Data extract:
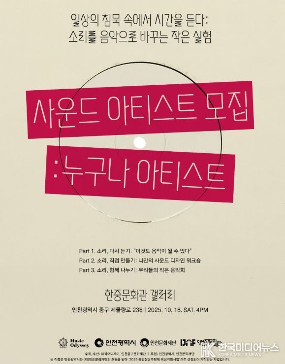 인천중구문화재단 관계자는 “참여자가 곧 예술가가 되는 이번 프로젝트는 관객이 단순한 수용자가 아니라 창작의 주체로서 무대에 함께 서는 새로운 경험을 제공할 것”이라고 밝혔다.
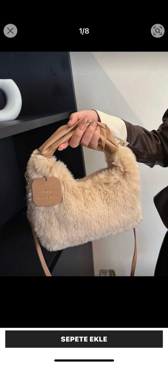 Bej renkte deri çanta, yumuşak kürk detayları ve pürüzsüz sapıyla günlük rahat sokak stiline uygun, desen içermeyen şık bir modeldir.
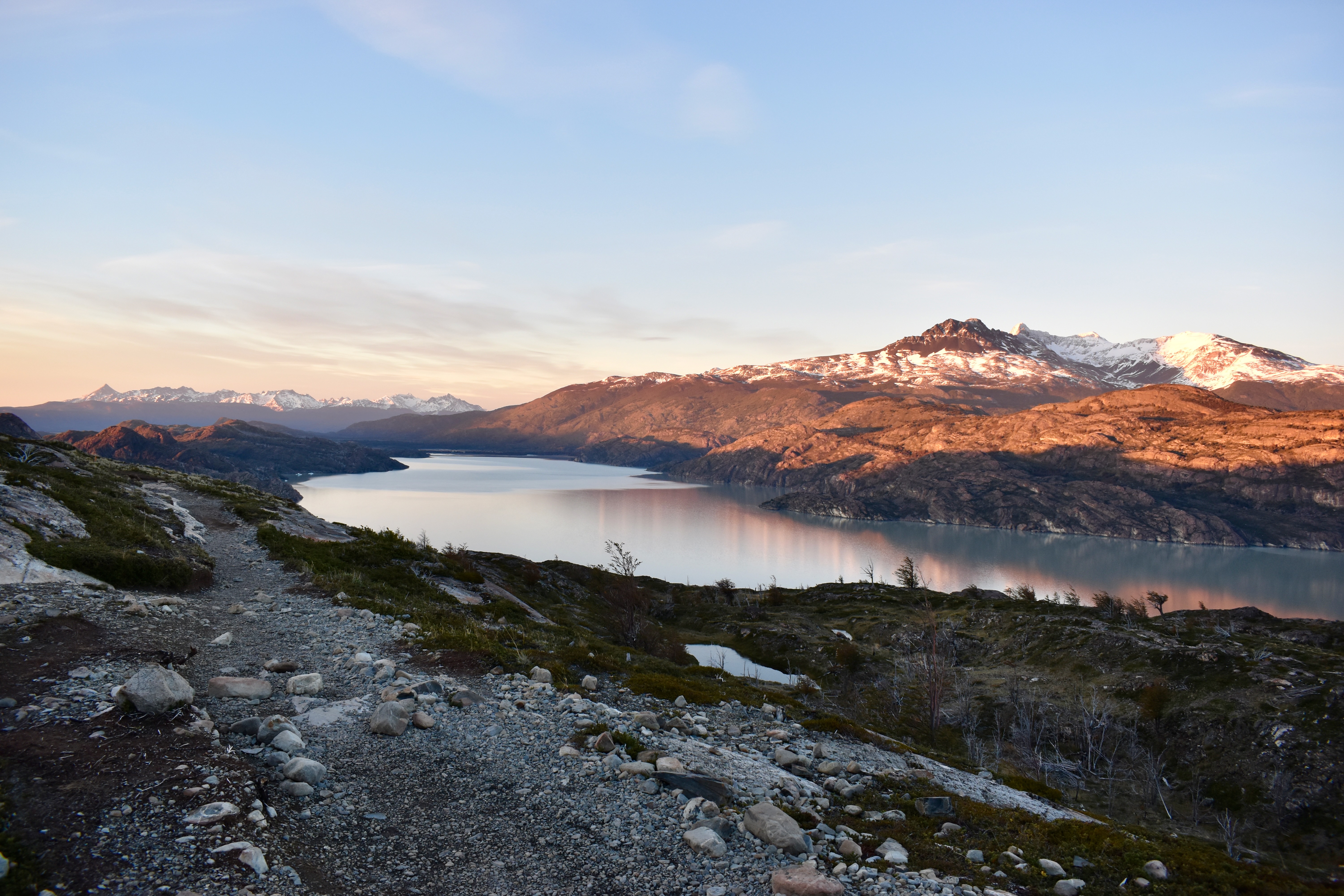 We missed the Grey Glacier yesterday because of the hassle with the bus, so we decided to get up at 5:30 am and hike to the glacier viewpoint when it was pitch black. It was an easy 6 km and we stopped midway through to take some star photos. We arrived just in time for sunrise and had a coffee at the viewpoint. We couldn’t stay long because we had to get back, pack the tent, make breakfast, and continue to make it to the next campground.

What is needed:
Write out each line again, exactly as it appears above, except for any picture.

Answer space:
 인천중구문화재단 관계자는 “참여자가 곧 예술가가 되는 이번 프로젝트는 관객이 단순한 수용자가 아니라 창작의 주체로서 무대에 함께 서는 새로운 경험을 제공할 것”이라고 밝혔다.
 Bej renkte deri çanta, yumuşak kürk detayları ve pürüzsüz sapıyla günlük rahat sokak stiline uygun, desen içermeyen şık bir modeldir.
 We missed the Grey Glacier yesterday because of the hassle with the bus, so we decided to get up at 5:30 am and hike to the glacier viewpoint when it was pitch black. It was an easy 6 km and we stopped midway through to take some star photos. We arrived just in time for sunrise and had a coffee at the viewpoint. We couldn’t stay long because we had to get back, pack the tent, make breakfast, and continue to make it to the next campground.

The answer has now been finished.